Let us start with the following Python program:

Code:

def pow(b, x, m):
  r = 1
  while x:
    if x % 2:
      r = b * r % m
    b = b ** 2 % m
    x = IP(x / 2)    
  return r

With the help of the Python to RPN - source code converter it is translated to:

Code:

LBL "Z^Y%X"     // Label. Identify programs and routines for execution and branching. Parameter: local or global label.
RTN
LBL A           // def pow
XEQ 66          // reorder 3 params for storage
STO 00          // param: b
RDN
STO 01          // param: x
RDN
STO 02          // param: m
RDN
1
STO 03          // r 
LBL 00          // while
RCL 01          // x
X≠0?            // while true?
GTO 01          // while body
GTO 02          // resume
LBL 01          // while body
RCL 01          // x
2
MOD
X≠0?            // if true?
GTO 03          // if body
GTO 04          // resume
LBL 03          // if body
RCL 00          // b
RCL 03          // r
*
RCL 02          // m
MOD
STO 03          // r 
LBL 04          // resume
RCL 00          // b
X↑2
RCL 02          // m
MOD
STO 00          // b 
RCL 01          // x
2
/
IP              // Returns the integer part of x
STO 01          // x 
GTO 00          // while
LBL 02          // resume
RCL 03          // r
RTN             // return
LBL 50          // PyRPN Support Library of
"-Utility Funcs-"
RTN             // ---------------------------
LBL 66          // Reverse params. (a,b,c) -> (c,b,a)
X<>Y
RDN
RDN
X<>Y
RDN
RTN

Let's clear it up a bit:

• remove local label A
• remove reordering of params for storage
• remove empty support Library
• invert logic in condition
  

In the last step, the condition is inverted.
Instead of:

Code:

X≠0?            // while true?
GTO 01          // while body
GTO 02          // resume
LBL 01          // while body

We use:

Code:

X=0?            // while not?
GTO 02          // resume

This saves us both a LBL and GTO instruction.

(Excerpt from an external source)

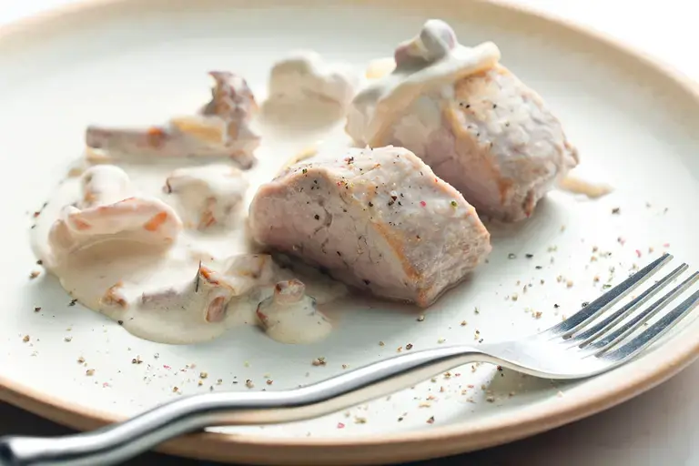 Solomillo de cerdo con salsa de trufa y puré de apionabo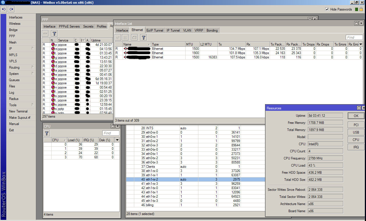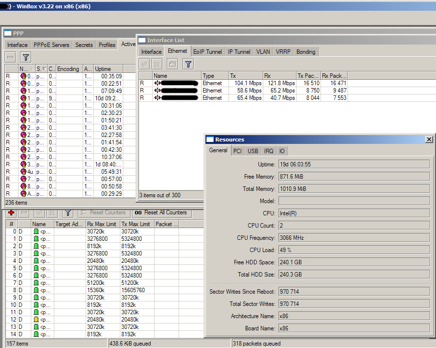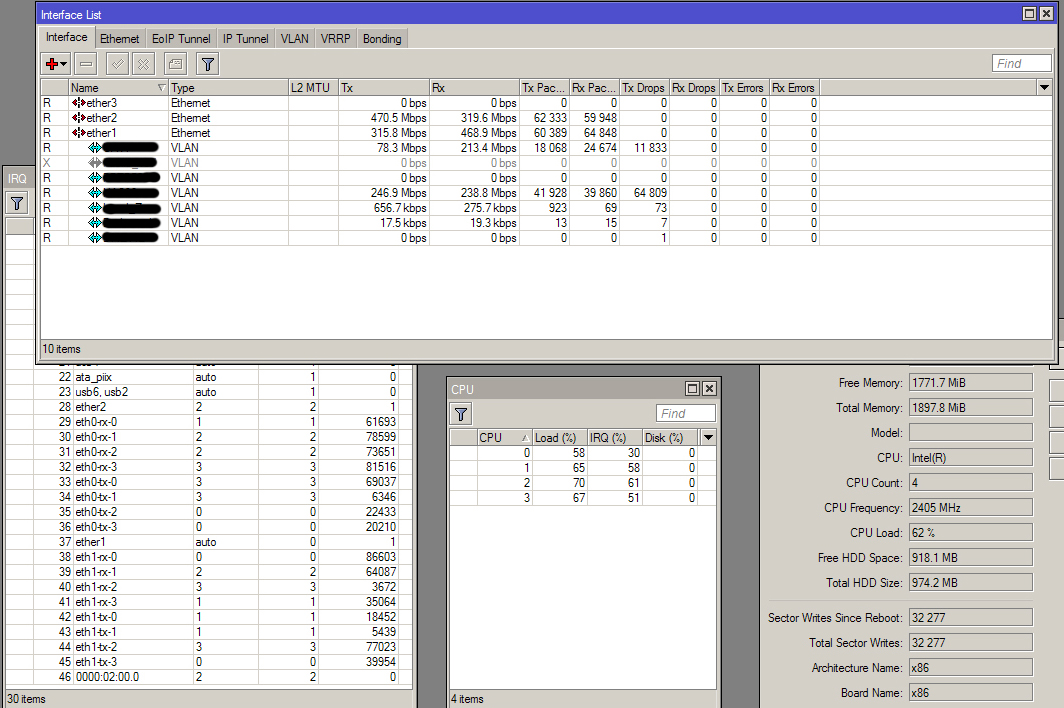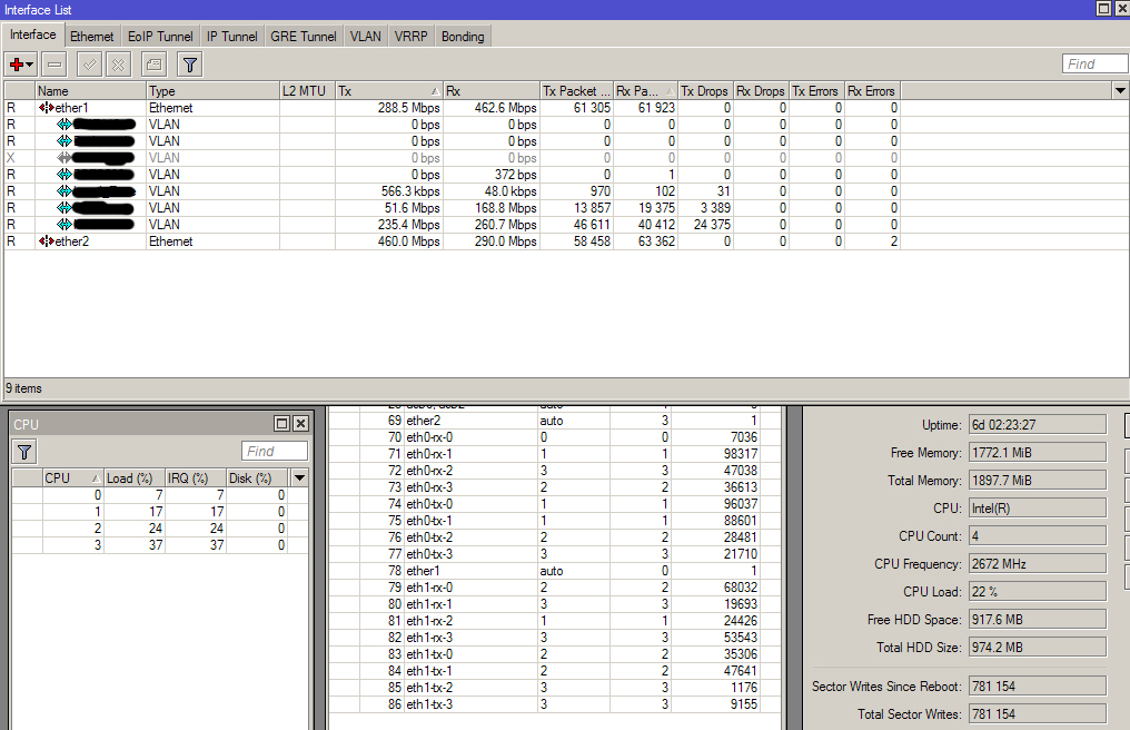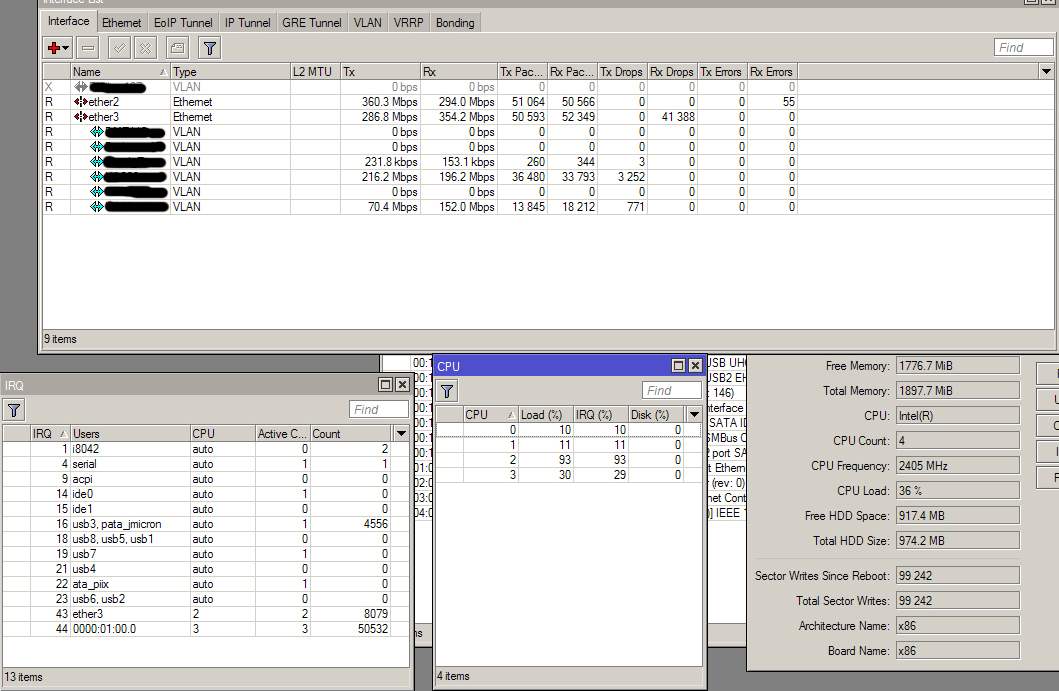 шейпера абонентов(порядка 1000 simple queue на sfq). 2 GB Ram, CPU intel Q6600 Core QUAD

With these changes we are already down at 51 bytes and could call it a day:

Code:

00 { 51-Byte Prgm }
01▸LBL "Z↑Y%X"
02 STO 02
03 R↓
04 STO 01
05 R↓
06 STO 00
07 1
08 STO 03
09▸LBL 00
10 RCL 01
11 X=0?
12 GTO 02
13 RCL 01
14 2
15 MOD
16 X=0?
17 GTO 04
18 RCL 00
19 RCL 03
20 ×
21 RCL 02
22 MOD
23 STO 03
24▸LBL 04
25 RCL 00
26 X↑2
27 RCL 02
28 MOD
29 STO 00
30 RCL 01
31 2
32 ÷
33 IP
34 STO 01
35 GTO 00
36▸LBL 02
37 RCL 03
38 END

We also saved a byte by choosing a shorter name.

But can we do better?
You may have noticed that line 13 could be removed since x is still present from line 10.
Furthermore, division by 2 and modulo 2 of x can be combined.

Code:

00 { 47-Byte Prgm }
01▸LBL "Z↑Y%X"
02 STO 02
03 R↓
04 STO 01
05 R↓
06 STO 00
07 1
08 STO 03
09▸LBL 00
10 RCL 01
11 X=0?
12 GTO 02
13 2
14 ÷
15 ENTER
16 IP
17 STO 01
18 X=Y?
19 GTO 04
20 RCL 00
21 RCL 03
22 ×
23 RCL 02
24 MOD
25 STO 03
26▸LBL 04
27 RCL 00
28 X↑2
29 RCL 02
30 MOD
31 STO 00
32 GTO 00
33▸LBL 02
34 RCL 03
35 END

So far we haven't bothered with registers or keeping results on the stack.
But if we leave x on the stack, we save 2 STO and 1 RCL instructions at the cost of 2 RDN instructions.
With this we not only save a register, but also another byte:

Code:

00 { 46-Byte Prgm }
01▸LBL "Z↑Y%X"     ; b x m -- b^x (mod m)
02 STO 00          ; m
03 1
04 STO 01          ; r
05 R↑
06 STO 02          ; b
07 R↑              ; x
08▸LBL 00          ; while
09 X=0?            ; x == 0
10 GTO 02          ; end while
11 2
12 ÷               ; x / 2
13 ENTER
14 IP              ; x // 2
15 X=Y?            ; x is even
16 GTO 01          ; end if
17 RCL 01          ; r
18 RCL 02          ; b
19 ×
20 RCL 00          ; m
21 MOD             ; r × b % m
22 STO 01          ; r
23 R↓              ; x
24▸LBL 01          ; end if
25 RCL 02          ; b
26 X↑2
27 RCL 00          ; m
28 MOD             ; b^2 % m
29 STO 02          ; b
30 R↓              ; x
31 GTO 00          ; while
32▸LBL 02          ; end while
33 RCL 01          ; r
34 END

Feel free to replace the 3 remaining registers with the synthetic registers M, N and O.